Obbligazioni – 12 marzo 2020

Questa data passerà alla storia e l’unico vantaggio è di poter raccontare un giorno: io ero lì.

Tra le vittime sacrificali cui verranno comunque attribuite delle responsabilità per la disfatta dei mercati finanziari figurerà sicuramente Christine Lagarde, rea di un’espressione infelice, dettata forse dall’emozione a stento contenuta quando ci si trova ad affrontare situazioni drammatiche che ha certo innescato una reazione che – ci sia concesso definire – premeditata.

L’errore a monte non è nella comunicazione del Presidente della Bce, ma della scelta da parte della massima istituzione monetaria di mantenere un’agenda ordinaria, a partire dalla riunione, orari e protocollo come se continuassimo a vivere in una situazione di normalità che tutti sappiamo non essere.

Le scelte, chi dice eccessivamente prudenti, chi insufficienti, non sarebbero state, anche in ipotesi diversa, capaci di invertire il corso degli eventi. Ma un decisionismo più immediato e meglio ancora se coordinato con atti concreti da parte di Bruxelles avrebbe forse potuto sortire un effetto diverso.

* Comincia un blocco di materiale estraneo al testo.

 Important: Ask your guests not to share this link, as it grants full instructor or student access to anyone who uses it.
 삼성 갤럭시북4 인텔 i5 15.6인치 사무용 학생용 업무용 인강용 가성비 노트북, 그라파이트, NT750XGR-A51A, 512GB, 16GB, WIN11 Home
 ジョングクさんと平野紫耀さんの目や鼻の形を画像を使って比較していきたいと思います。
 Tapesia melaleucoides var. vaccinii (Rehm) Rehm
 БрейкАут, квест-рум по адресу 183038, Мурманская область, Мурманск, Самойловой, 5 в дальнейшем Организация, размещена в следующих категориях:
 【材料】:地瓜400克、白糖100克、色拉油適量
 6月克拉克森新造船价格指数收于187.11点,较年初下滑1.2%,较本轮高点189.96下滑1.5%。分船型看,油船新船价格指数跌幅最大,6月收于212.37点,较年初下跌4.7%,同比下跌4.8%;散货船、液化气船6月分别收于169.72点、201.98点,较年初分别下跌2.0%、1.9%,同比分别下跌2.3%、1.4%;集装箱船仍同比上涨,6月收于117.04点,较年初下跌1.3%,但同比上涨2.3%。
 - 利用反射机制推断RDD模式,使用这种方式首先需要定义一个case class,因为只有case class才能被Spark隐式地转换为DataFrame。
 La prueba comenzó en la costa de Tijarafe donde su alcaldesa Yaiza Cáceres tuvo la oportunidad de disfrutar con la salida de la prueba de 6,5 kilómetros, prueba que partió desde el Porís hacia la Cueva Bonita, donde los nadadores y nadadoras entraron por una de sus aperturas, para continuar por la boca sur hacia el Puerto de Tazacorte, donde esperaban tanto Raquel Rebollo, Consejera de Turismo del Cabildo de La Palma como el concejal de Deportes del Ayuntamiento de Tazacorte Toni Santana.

A Lagarde, quindi, il nostro rispetto, dovuto, e la nostra piena comprensione al di là del fatto di vedere il Btp svettare al 2% e lo spread allargarsi scompostamente, ma è un fenomeno comune a tutti i Paesi dell’Unione che si sono scollati a ferrea testimonianza della inconfutabile coesione politica che non si realizza firmando un trattato, tanto meno a parole, ma con i fatti.

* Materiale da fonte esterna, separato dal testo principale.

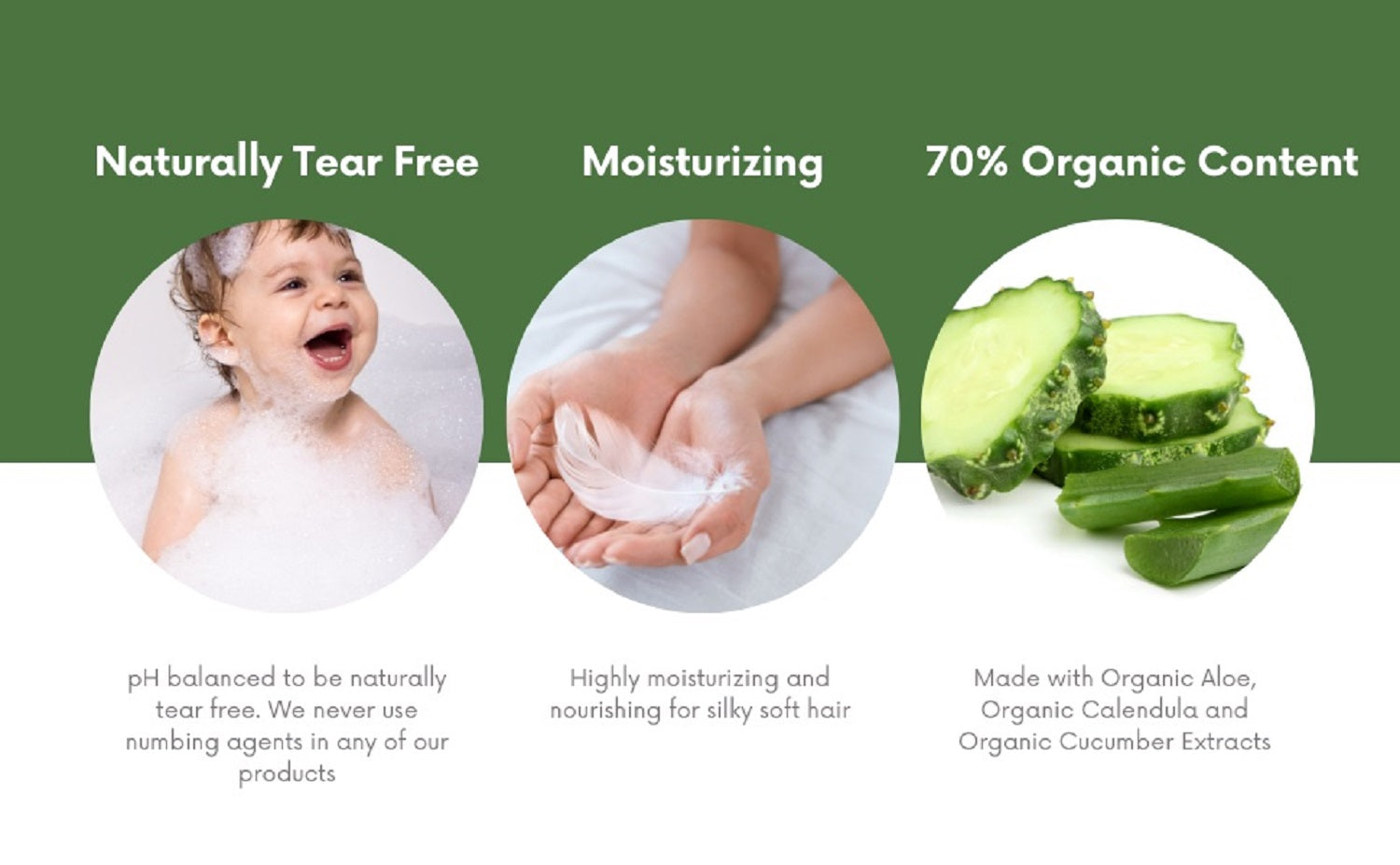 Made with moisturizing organic aloe, calendula, and chamomile, our formula is ideal for problem and sensitive skin. It leaves hair soft and luxurious, and is free of SLS and parabens.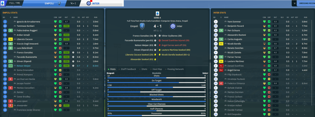 That left us just four points behind Juventus in the final European spot heading into the final five games. Hopes of that eased with an unlucky 1-0 loss at Sassuolo but we responded in style back at Stadio Carlo Castellani. We welcomed Inter to town and had the audacity to take the lead through midfielder Franco González only for Inter to immediately respond. However, Correa was sent off for a shocking two-footer from behind then Buonanotte won and converted a penalty six minutes later. And from there we took control and killed the game off with late Weiper and Shpendi strikes to thrash the leaders 4-1!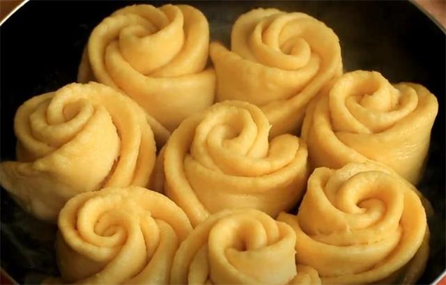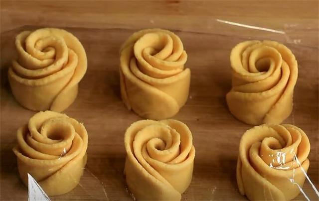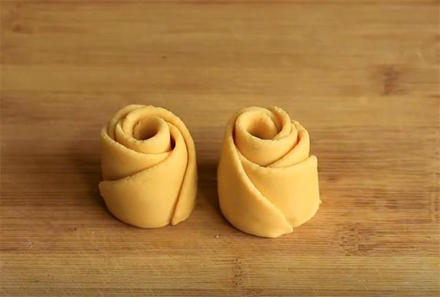 6.再把边缘整理一下,这样就做成了玫瑰花的形状,盖上保鲜膜醒发10分钟。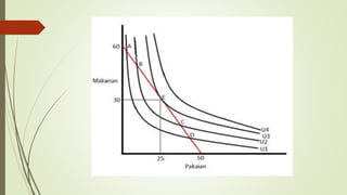Dokumen ini membahas teori perilaku konsumen, mencakup faktor-faktor yang mempengaruhi permintaan konsumen seperti pendapatan, selera, dan harga. Teori ini dibedakan menjadi pendekatan kardinal dan ordinal, serta menjelaskan konsep nilai guna marginal dan surplus konsumen. Selain itu, dijelaskan hubungan antara perubahan harga, efek penggantian, dan pendapatan terhadap permintaan barang.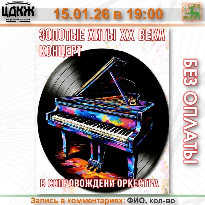 💃🕺Концерт «Золотые хиты ХХ века», 12+ 🎤 Живая Музыка и Звук. 👛 БЕСПЛАТНО 🎫 В наличии 4 билета Вашему вниманию будут представлены сочинения величайших композиторов XX века, дарившие радость, умиление и веру в светлое будущее миллионам людей во всем мире , а заодно находящие отголосок и в сердцах множества их потомков, прозвучат во всем своем ностальгическом великолепии — и, разумеется, в живом исполнении. 📝 Запись в комментариях к посту. ☎Записались? Убедитесь, что заявка принята! Обязательно звоните председателю ППО!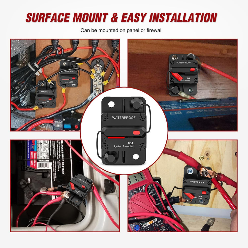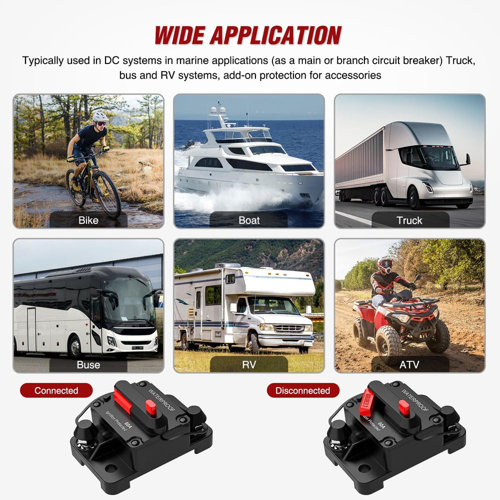- Application: Mainly used on car audio and video systems, boat, truck, bus, RV, ATV, marine, etc, and DC sound amplifier system overload protection. The waterproof circuit breaker is surface Mount, mount on panel or firewall.The unique push button reset can also be used as a kill switch.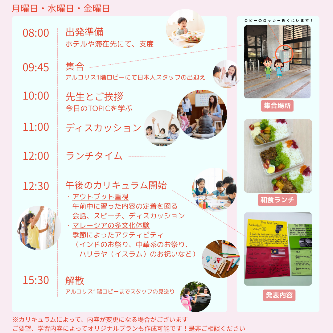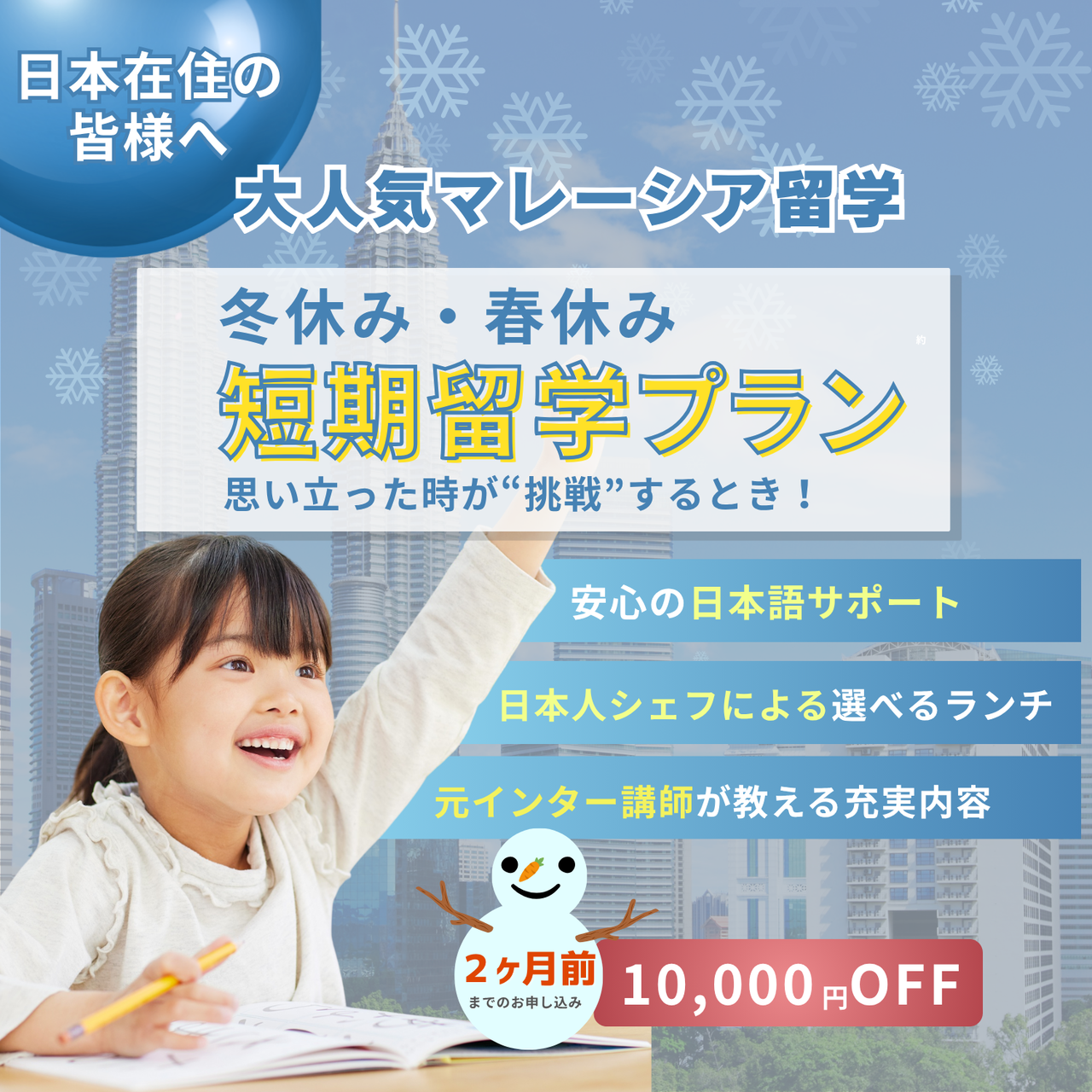 という親御様からのご相談も多くいただきますが、お子様の順応性は高く、帰国する頃には英語の歌が唱えたりと、楽しく英語を学ぶ環境がマレーシアには揃っているといえます。

Peraltro, lo stesso Bund perde abbondantemente terreno (20 centesimi di rendimento vista la risalita al -0.60%) e non va meglio al T-bond che segna 0.90% (sessanta centesimi in più dai minimi di inizio settimana) nonostante la nuova offensiva della Fed.

Nel panic-selling generalizzato che non ha risparmiato nemmeno l’oro sceso sotto 1600 dollari, forse una pausa sarebbe quanto mai necessaria: un week-end è troppo breve.